Illustration of the Peshtigo Fire from the November 25, 1871 edition of Harper’s Weekly Magazine.  Image used courtesy of the Wisconsin Electronic Reader.
Illustration of the Peshtigo Fire from the November 25, 1871 edition of Harper’s Weekly Magazine. Image used courtesy of the Wisconsin Electronic Reader.

On the evening of October 8, 1871 two of the worst fires in history raged through the Midwest. The first being the Great Chicago Fire, the other, North America’s most devastating forest fire to date: the Great Peshtigo Fire. The disaster known as “America’s Forgotten Fire” would go on to destroy millions of dollars worth of property in Northeastern Wisconsin and Upper Michigan, and take between 1,200 and 2,400 lives.

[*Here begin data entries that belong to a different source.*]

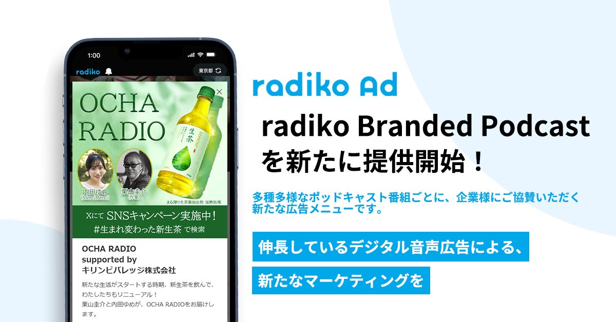 ラジコのターゲティング音声広告「radiko Ad」が、新メニュー『radiko Branded Podcast』の提供を開始。第一弾のご協賛にキリン 生茶が決定!
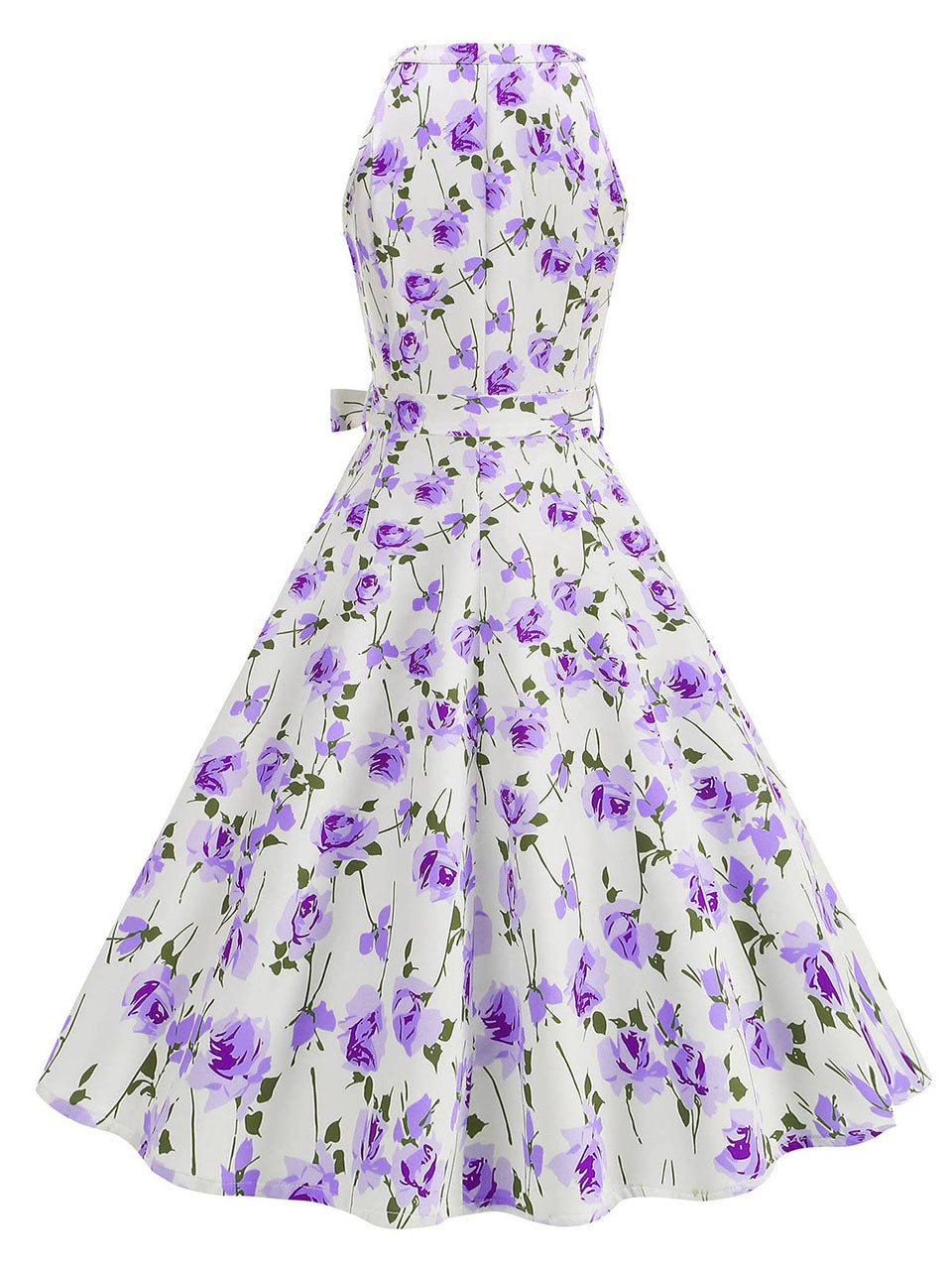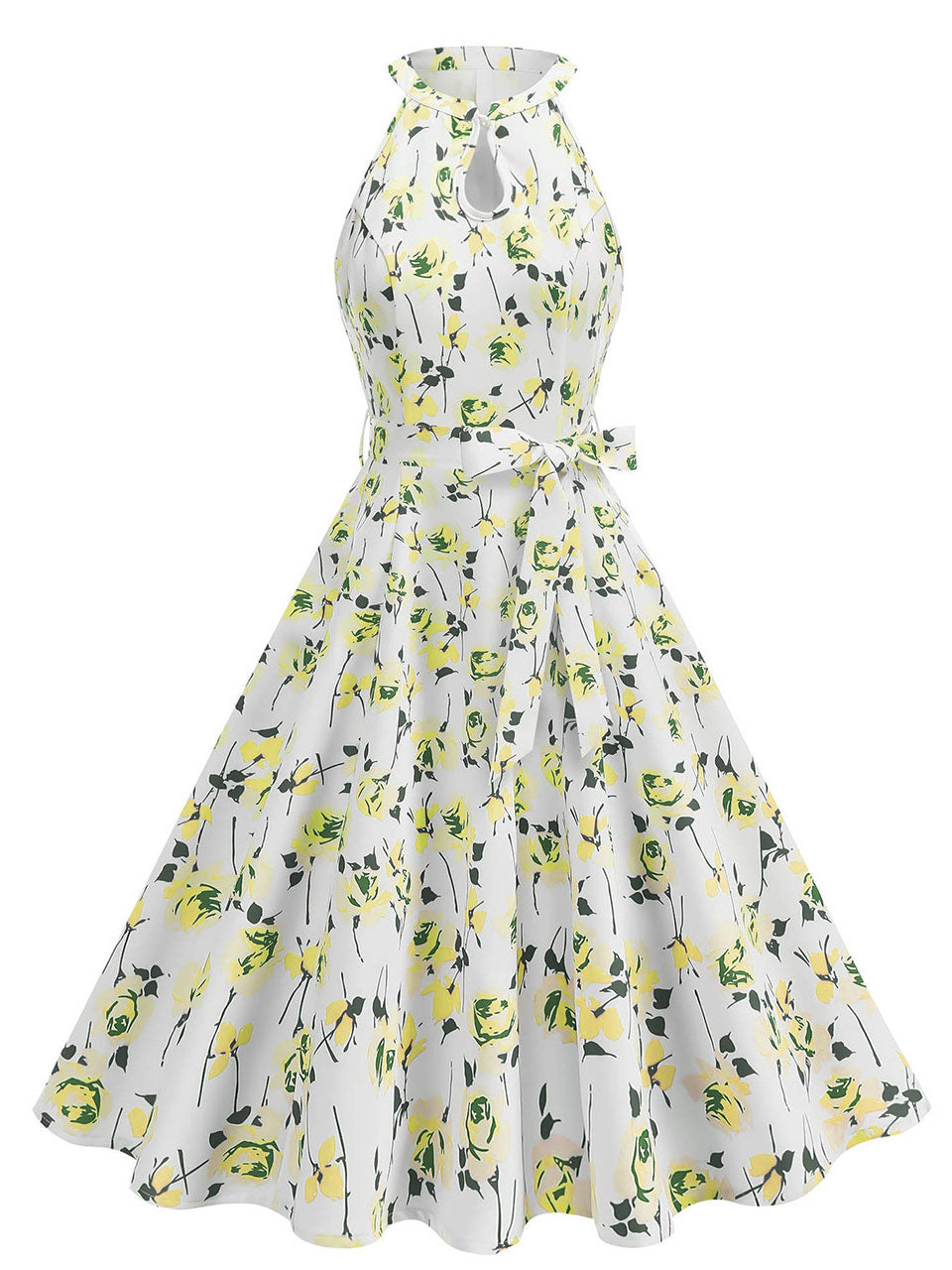 Floral Sleeveless Halter Neck 50S Swing Christmas Dress
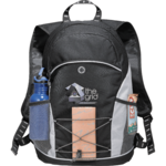 The Twister Backpack comes with a zippered main compartment and a zippered front pocket with earbud port access. Also features side mesh pockets, elastic bungee cording and a contrast handle with adjustable straps.
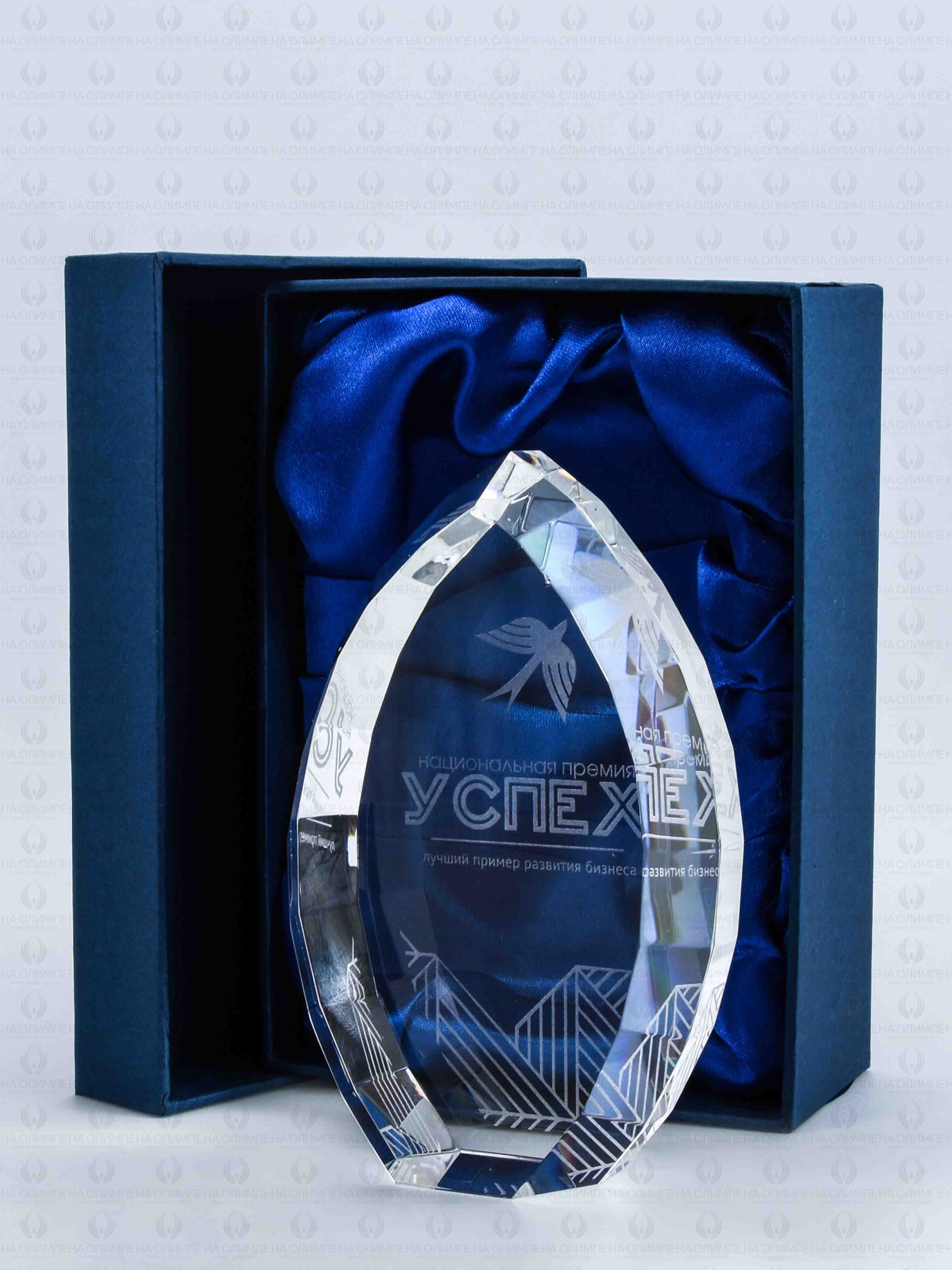 Стеклянная награда C2-140 с гравировкой, высота 14 см
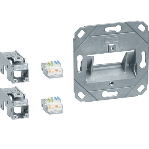 Aansluiting module 2x RJ45, Cat. 6a, voor centrale schijf UAE 2-voudig, hfr. Set bestaande uit: Montageframe voor het opnemen van twee modulaire aansluiteenheden met een maximale modulebreedte van... lees meer over dit product
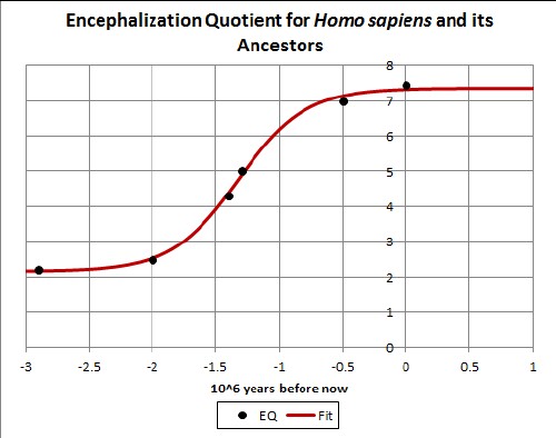 A possible measure of human intelligence evolution is brain-to-body mass ratio, called the encephalization quotient (EQ). Here is an hyperbolic-tangent fit to the rough data:
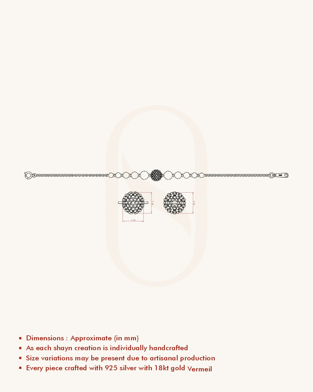 | Metal | 18KT Gold Vermeil (2.5 Microns Gold Layer on 925 Silver) |

The origin of the fire is unknown, but the coupling of a widespread drought in the Midwest, and dangerous industrial practices like the “slash and burn” method of clearing land, provided the perfect conditions for such a disaster to take place. Once the fire began, roads covered in sawdust from the many sawmills and factories nearby ensured that the blaze would reach the town.

Aerial view of Peshtigo, circa 1871.  Image used courtesy of the Wisconsin Electronic Reader.
Aerial view of Peshtigo, circa 1871. Image used courtesy of the Wisconsin Electronic Reader.

A small industrial town in Northeastern Wisconsin, Peshtigo was, like many Midwestern towns, extremely vulnerable to fire. Once the flames reached the town, the many timber-framed buildings proved prime fuel for the fire. Temperatures would reach up to 2,000 degrees Fahrenheit – enough to cause nearby trees to literally explode from the heat. Worse still, the only way to cross the river that bisected the town was by way of an entirely wooden bridge that would be quickly engulfed.

The fire would kill upwards of 2,400 people, nearly 10 times the death toll of the Great Chicago Fire. Flames continued to burn for days, ravaging 1.5 million acres of land in Wisconsin and Michigan, only beginning to die out once the high winds ceased and rain began to fall.

Today, 3,502 people reside in Peshtigo, Wisconsin, where the Peshtigo Fire Museum is open from May to October, closing its doors on October 8 with a candlelight service marking the fire’s anniversary.